Question

imagine that ou are stduying a very large population of moths that is isolate d from gene flow.A single gene controls wing color.Half of the moths have white spotted wings (genotype WW or Ww) and half of the moths have plain brown wings (ww).There are no new mutations indivisuals mate randomly, and there is no natural selection on wing color.Explain , why any calculation, wether this population is under a hardy weinberg equilibrium

Answer 1

About the question:

I failed to find the complete question. However, I will explain why this population is considered to be in Hardy-Weinberg equilibrium, and what the destiny of the alleles is.

Answer:

This population is in equilibrium because it accomplishes all the H-W assumptions for a population in equilibrium. Genetic nor allelic frequencies will change generation after generation. Alleles will remain equal.

Step-by-step explanation:

Available data:

• A single gene controls wing color
• Half of the moths have white-spotted wings
• half of the moths have plain brown wings
• W allele is dominant and expresses white wings
• w allele is recessive and expresses brown wings
• Individuals mate randomly
• No natural selection

We will know by theory if this population is or is not in equilibrium Hardy-Weinberg if the population is in concordance with the assumptions of the theory. So let us first analyze the Hardy-Weinberg assumptions for a population in equilibrium:

• Random matings: Any individual get crossed with any other individual

• No superposed generations: each individual can leave their gametes in the pool only once.

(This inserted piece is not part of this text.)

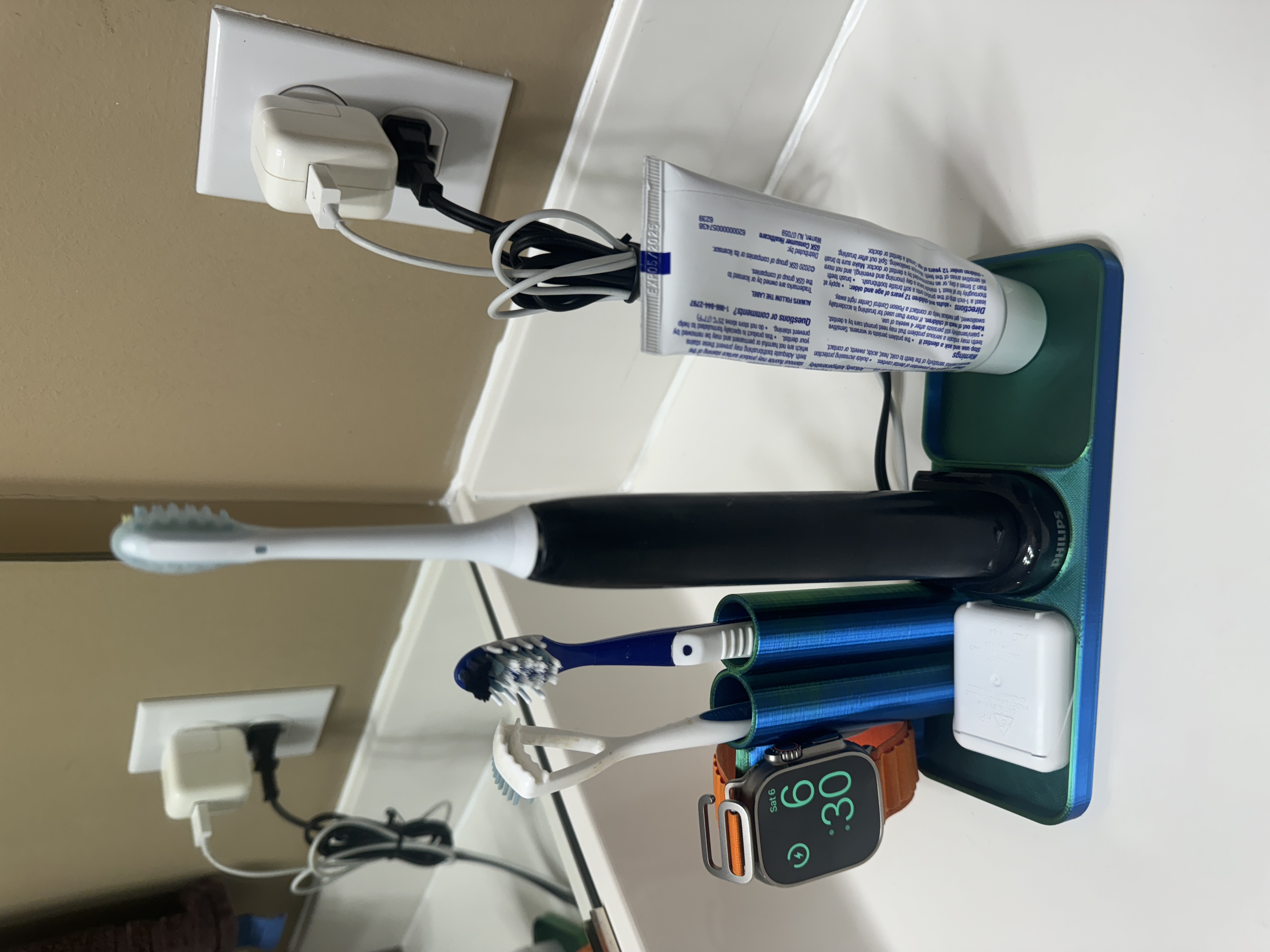 Kệ đựng bàn chải đánh răng điện Philips, kèm các loại bàn chải đánh răng thông thường (có lỗ thoát nước dưới đáy), kem đánh răng và chỉ nha khoa. Có một phiên bản có đế gắn sạc Apple Watch tùy chọn, vì tui hay tháo đồng hồ ra khi tắm.

• No mutations: No mutations originate any new gametes.

• No migration: No incorporation of gametes from other populations.

• Infinite population size: the probabilities of randomly taking an A gamete from the pool are p, and the probability of taking a B gamete is q.

• No natural selection: Each individual has equal surviving and reproducing probabilities as any other, contributing proportionally to the gamete pool.

So, the exposed population

- is isolated, meaning that there is no gene flow from other populations. No new genes will be introduced.

- has no mutations, so no allele will change to express a new form

- individuals mate randomly

- there is no natural selection acting on this group as an evolutive force that might alter the equilibrium.

Genetic nor allelic frequencies will change generation after generation.

In a Hardy-Weinberg population, where allelic frequencies are p and q (assuming a diallelic gene), genotypic frequencies after one generation of random matings are p², 2pq and q². The allelic frequencies, as well as the genotypic frequencies, remain equal after successive generations. Alleles will remain in the population from many generations.